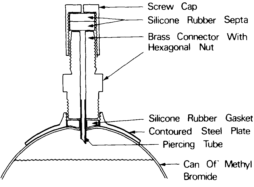 To pierce the can, the connector is screwed into the threaded hole of the contoured plate until finger tight and then given a quick half turn with a wrench to make the puncture and simultaneously to provide a gas tight seal as the gasket is compressed against the can. Can tapping devices such as this are available from scientific suppliers or they can be made in a machine shop. It should be noted that the use of materials that do not react with methyl bromide, e.g. neoprene, silicone rubber and brass, is important; aluminium fittings should nut be used.
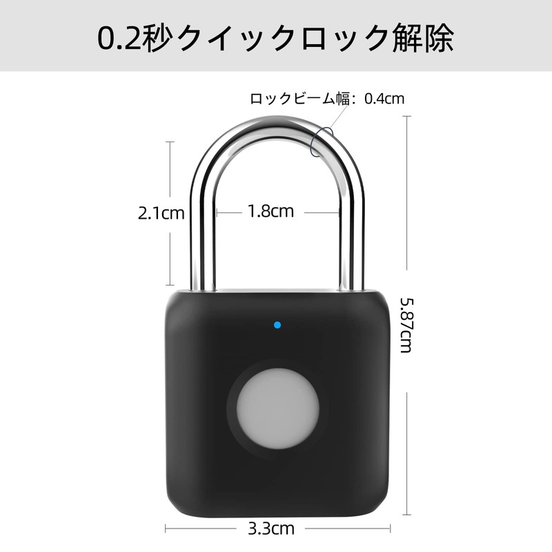 - (Lightweight, Portable, Convenient) Compact size keyless fingerprint padlock that can be carried anywhere and anytime. The mini size fingerprint padlock weight is 62g, the size is 1.2*0.6*2.3inch, very lightweight and convenient to carry. Perfect for schools, offices, gym lockers, luggage, comforter cabinets, tool boxes, and more
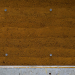 主に土塀に使われる版築塀、日本の伝統的な工法で、木枠で型枠を作りその中に土を入れて固め成形する土塀である。
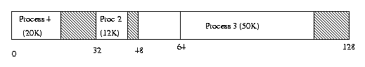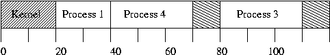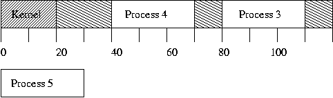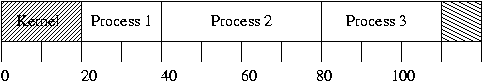 Consider a simple computer which has 120 units of memory, with addresses 1 .. 120. The bottom 20 units of memory are reserved for the kernel, which leaves 100 units for user processes. Each process has a fixed size which is known when it is loaded, and processes have to be loaded into contiguous memory.

- **Task instructions**
If a line holds a picture, skip the picture and transcribe the rest of the material exactly.

- **Answer to the exercise**
 To pierce the can, the connector is screwed into the threaded hole of the contoured plate until finger tight and then given a quick half turn with a wrench to make the puncture and simultaneously to provide a gas tight seal as the gasket is compressed against the can. Can tapping devices such as this are available from scientific suppliers or they can be made in a machine shop. It should be noted that the use of materials that do not react with methyl bromide, e.g. neoprene, silicone rubber and brass, is important; aluminium fittings should nut be used.
 - (Lightweight, Portable, Convenient) Compact size keyless fingerprint padlock that can be carried anywhere and anytime. The mini size fingerprint padlock weight is 62g, the size is 1.2*0.6*2.3inch, very lightweight and convenient to carry. Perfect for schools, offices, gym lockers, luggage, comforter cabinets, tool boxes, and more
 主に土塀に使われる版築塀、日本の伝統的な工法で、木枠で型枠を作りその中に土を入れて固め成形する土塀である。
 Consider a simple computer which has 120 units of memory, with addresses 1 .. 120. The bottom 20 units of memory are reserved for the kernel, which leaves 100 units for user processes. Each process has a fixed size which is known when it is loaded, and processes have to be loaded into contiguous memory.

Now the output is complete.